Agner`s CPU blog

A design without a TLB

Author: Agner

Date: 2016-03-11 05:50

I wonder if it is possible to design a microprocessor without a Translation Look-aside Buffer (TLB). A TLB is a cache that is used for virtual address translation. The TLB is quite big and complicated in many modern processors. Some processors even have two TLB levels. It costs a lot of silicon space and a performance loss because of TLB misses.

One of the most compelling reasons for having virtual address translation in current systems is, as I understand it, that you can run multiple instances of the same program. The multiple instances share the same code segment in order to save memory, but they cannot share writeable data segments. The code segment contains references to the data segment. If multiple running instances share the same code segment then they will also share the same data addresses. The only way to keep the data of different running instances separate is to have the same virtual addresses but different physical addresses for each process.

We can avoid most of the costs of the TLB and virtual address translation by having a special register that points to the data segment of the process. The program code should access its data segment through this pointer. Multiple instances of the same program will have different values in their data segment pointer. This allows them to share the same code segment while having different data segments.

Another use of the TLB is to manage the situation where we are out of physical memory or the memory has become too fragmented. The virtual address translation allows the memory segments to be moved or swapped to a disk. This problem can hopefully be reduced. RAM is cheap today. A well-designed application uses typically 1 MB of memory while a state-of-the-art PC today has 16 GB of RAM or more. Nobody runs 16,000 different applications, not even on a server. Unfortunately, some applications are wildly bloated. This should of course be discouraged. The need for byte-code interpreters, just-in-time compilation and other RAM-hungry frameworks will hopefully be reduced when the instruction set is standardized so that the compiled code will be compatible with many platforms.

We may still need some virtual address translation if we run out of RAM or for the sake of making virtual machines, but it will be a coarse-grained translation with one or a few large contiguous blocks of memory for each process, rather than the fine-grained translation of current systems with a large number of fixed-size memory blocks.
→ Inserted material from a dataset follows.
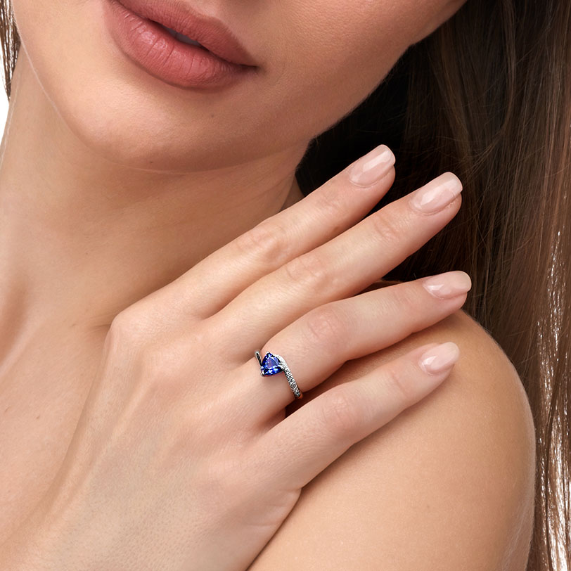 Δαχτυλίδι από λευκόχρυσο Κ18 με ορυκτό μπλε τανζανίτη σε κοπή trillion με διαμάντια στη μία πλευρά.

To see how this can be implemented, we first need to get an overview of the different kinds of data used in a running program and how they can be addressed. Traditionally, we have the following kinds of data:

1. Program code (TEXT). This is executable and read-only. Can be shared between multiple processes.
2. Read-only program data (CONST). This contains constants and tables used by the program. It may be shared by multiple processes unless it contains pointers that need to be relocated at load time.
3. Static read/write program data (DATA+BSS). This is used for global data and for static data inside functions. It needs multiple instances if multiple processes are running the same code.
4. Stack data (STACK). This is used for non-static data inside functions. This is the most common and most efficient way of storing program data. Each process or thread has its own stack, addressed relative to the stack pointer.
5. Local heap. Used for dynamic memory allocation by an application program
6. Global heap. Used for dynamic memory allocation by the operating system and device drivers.
7. Thread data. Allocated when a thread is created and used for thread-local static data. Rarely used.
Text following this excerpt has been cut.